Life is like a card game. Your whole life is just a bigger game of blackjack on a fancier table. Every single person plays this game and, no matter how well they do or how long the last, the dealer always wins. In life’s case, the devil always has the last laugh.
So what can you do? Live every day as if it’s your last! Well, not really. In every dominant human society work has been the only way to succeed,. Weather you were a Roman legionnaire or an insurance salesman from Dalkey, the society that you were born into is one which requires you to work for the majority of your year. 49 weeks out of 52, with 3 weeks holidays if you’re lucky. The rewards for this are the obvious monetary benefits, but also the sociological ones, the standing you gain among your peers and superiors for being a 'hard worker.' If you choose not to do this then not only will you not have the means to get by but you will also be seen as a deficient subject, someone who can’t keep up with pace setters in the race (even though no one has ever known who set it so fast in the first place)
Therefore, the key must be to enjoy your work as well as your time off as if they were one, and then you will have found happiness. But the problem with this becomes apparent when you try to do both at once. Stay up all night having fun with your friends or your family like you do on your time off and you pay for it the next day. Call in sick too much to avoid this and you’re lumped in with the people who don’t work in the first place. Work was created as a means to enjoy or time off, so there is an inevitable and unavoidable sense of duty always associated with it. And if every other person feels this way then trying to go against that trend is futile.

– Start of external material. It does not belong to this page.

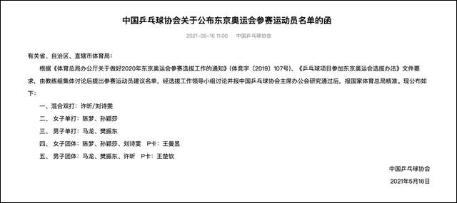 5月16日,中國乒協正式公佈中國乒乓球隊東京奧運會參賽名單:
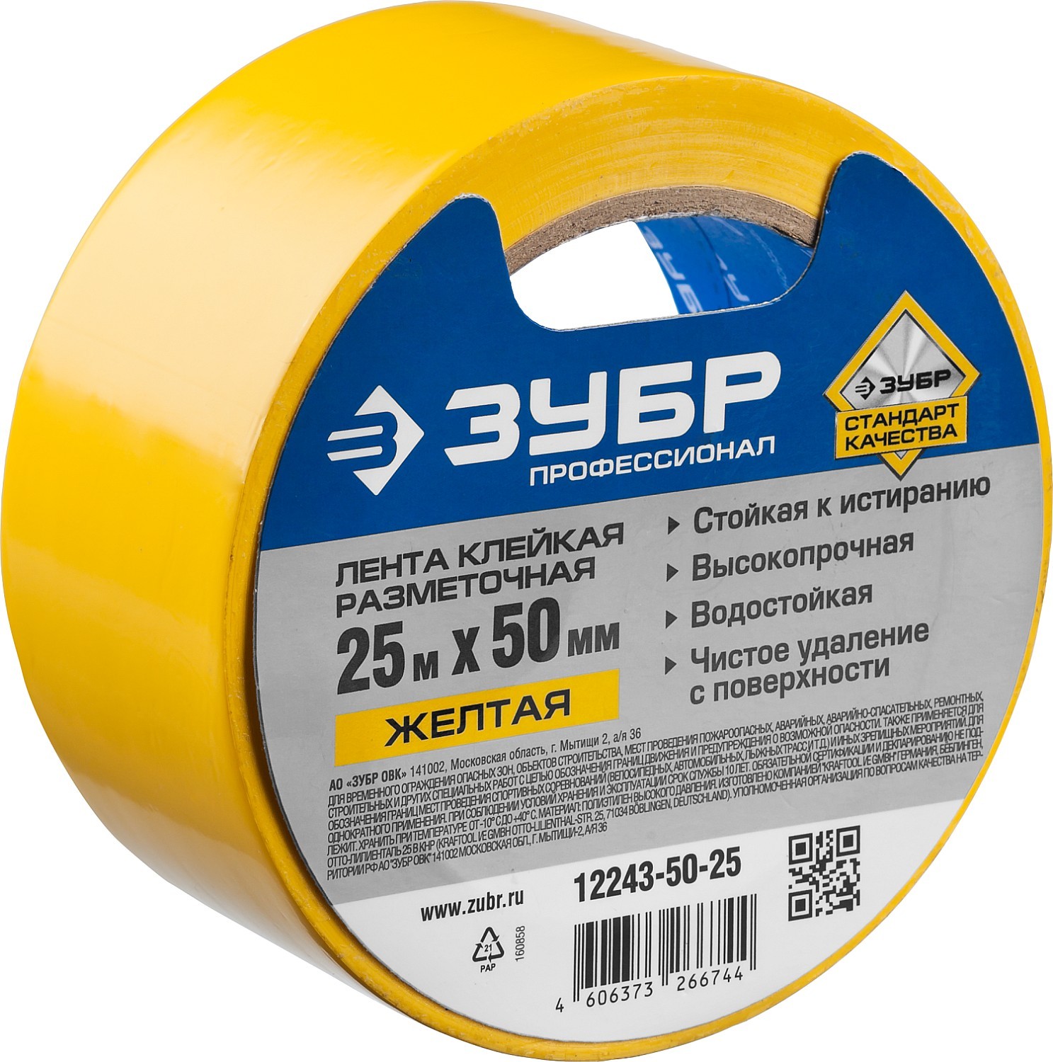 ЗУБР 50 мм, 25 м, желтая, разметочная клейкая лента, Профессионал (12243-50-25)

But this system is flawed. This overabundance of work means that we become conditioned only for that function. When this happens, even on our time off we can’t enjoy ourselves and may even feel guilty that we are not labouring. In the game of blackjack, we are sticking on cards that have no chance of winning; the devil is sitting their laughing at us. Surely we shouldn’t afford him all this. Surely there is something we can do to give him a bit more of a game.
Probably, but this is something so engrained into our society that any attempt to remove it would be met with fierce resistance. Even if you committed your whole life to changing this broken system and overcame all the adversity that was thrown against you, at the end of the day you still have to deal with the dealer devil. And he will have the last laugh, just like he has with every person who's walked this planet in the past and everyone who ever will.
Now that I'm finished this I only realise the irony of writing about blackjack on the day I turned 21!
Now that I'm finished this I only realise the irony of writing about blackjack on the day I turned 21!